The government has continued to sell weapons to Riyadh despite a 2019 court ruling requiring it to stop issuing export licenses for weapons that could be used in the war in Yemen, saying any violation of international humanitarian law were “isolated incidents”. Since then it has authorized an additional £1.6billion in arms sales, according to the Campaign Against the Arms Trade, which is challenging the government’s policy in the High Court.

In September 2020, a UN panel of experts concluded that Saudi-led forces were responsible for IHL violations and concluded that those who armed the perpetrators, including the UK, could ” aiding and assisting” war crimes. The British government has refused to release its database supposedly recording civilian casualties from coalition airstrikes in Yemen.

The Royal Navy’s belated release of news of its seizures of Iranian-made weapons comes ahead of US President Joe Biden’s visit to the Middle East, where he will meet Saudi de facto Crown Prince Mohammed bin Salman – in a reversal of his election campaign pledge to make the kingdom a “pariah” after Salman’s order to assassinate dissident Jamaal Khashoggi in 2018.

Biden’s talks with Middle Eastern leaders in the Saudi Arabian port city of Jeddah later this week aim to cement an anti-Iranian alliance between Israel and the United States’ Arab allies, even if Israel has no official relations with Saudi Arabia and Qatar. It seeks to counter China’s economic presence and political influence in the energy-rich region as part of its broader preparations for war with Russia and China, with which Tehran has increasingly forged ties. narrow.

Last year, the United States absorbed Israel into Centcom, one of the Ministry of Defense’s 11 combatant commands, after the United Arab Emirates, Bahrain, Sudan and Morocco established full diplomatic relations with them. Israel. Centcom covers the Middle East, Egypt, the Horn of Africa, Central Asia and parts of South Asia and is home to the air base and forward operating headquarters in al-Udeid, Qatar.

The timing of the announcement suggests that the crumbling Johnson government is eager to demonstrate its loyalty to the United States’ war campaign.
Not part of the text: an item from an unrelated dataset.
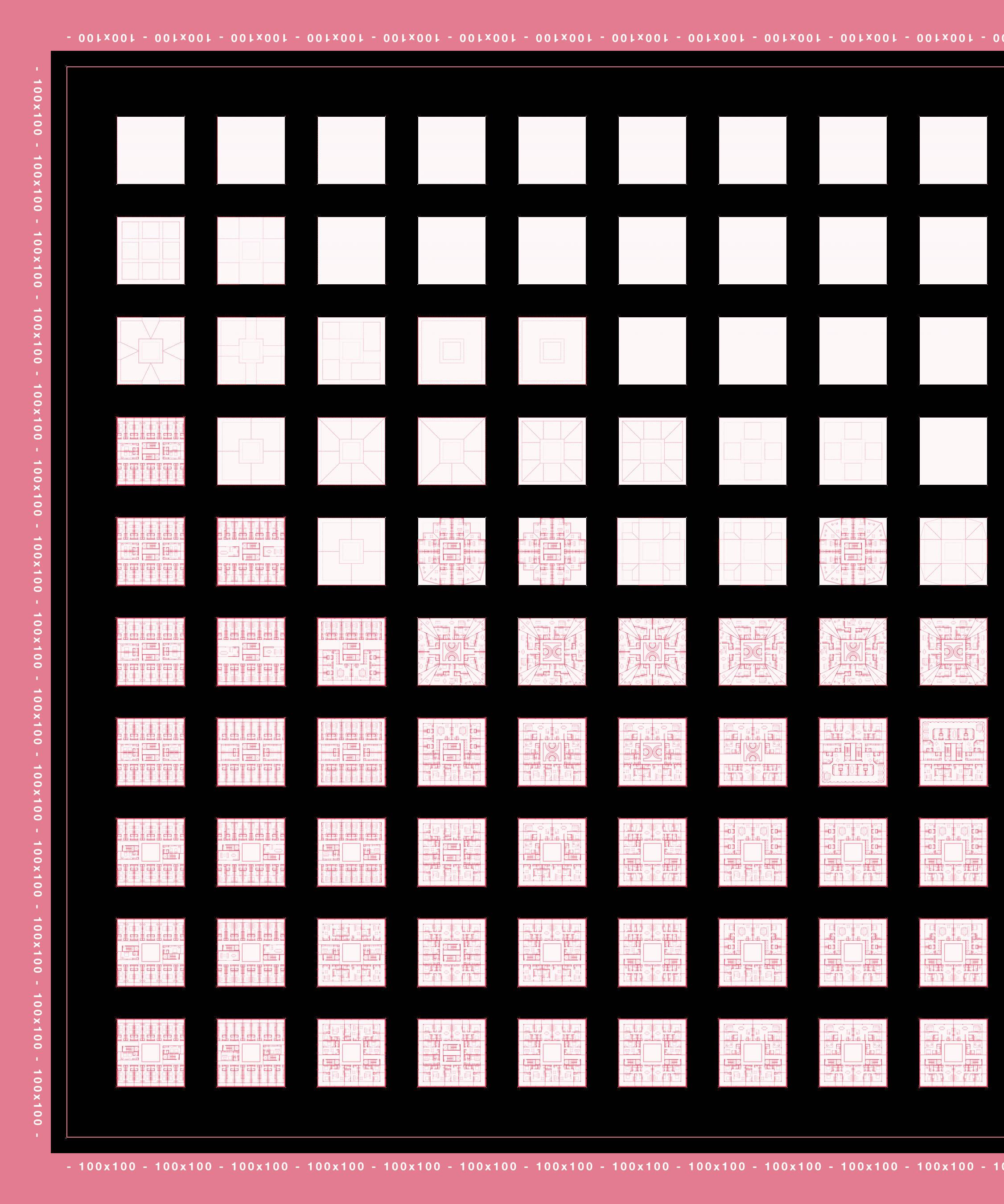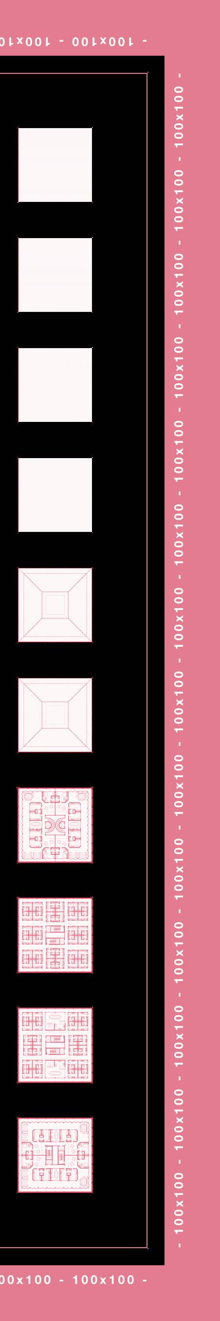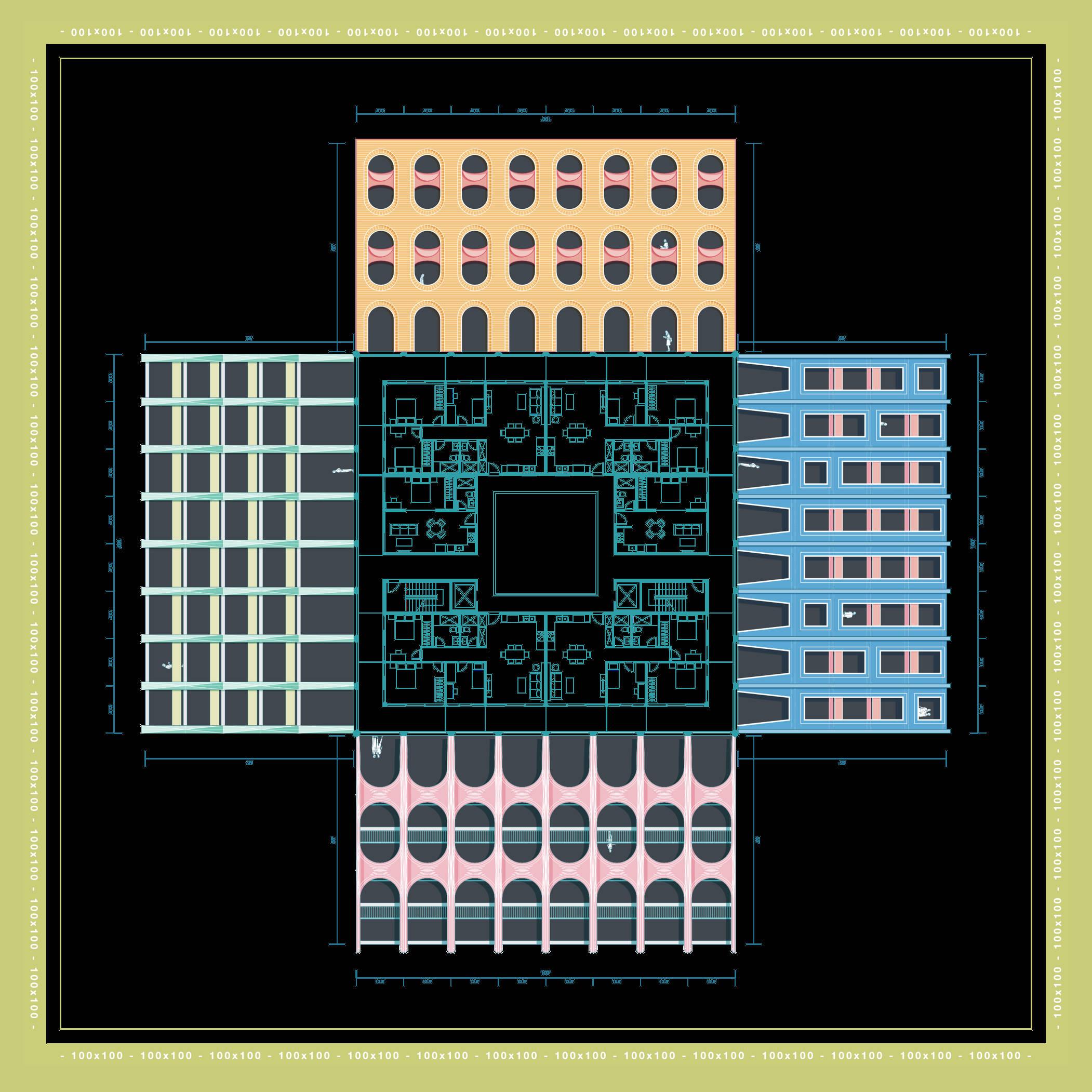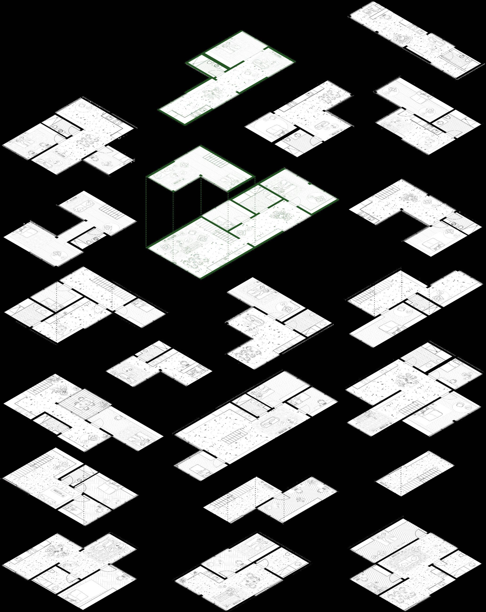 [Left] 67 unique floor plans ranging from Hotel-room, dorm, studio, 1-bed, 2bed, 3-bed, non-square, and penthouse types showcase the endless combinations possible within the frameworks of the 100’x100’ lot plan.

It comes as Washington seeks to reassure its Gulf clients of continued support after years of strained relations and to delegate its policing of the region to its most militarily advanced allies, the United Kingdom and Israel, as he refocuses attention on the Indo-Pacific region to counter China’s growing economic and political influence. Washington is making it increasingly difficult for Tehran to accept its terms for resuming the 2015 nuclear deals after the Trump administration unilaterally abrogated the accord in 2017 and reimposed sanctions the following year.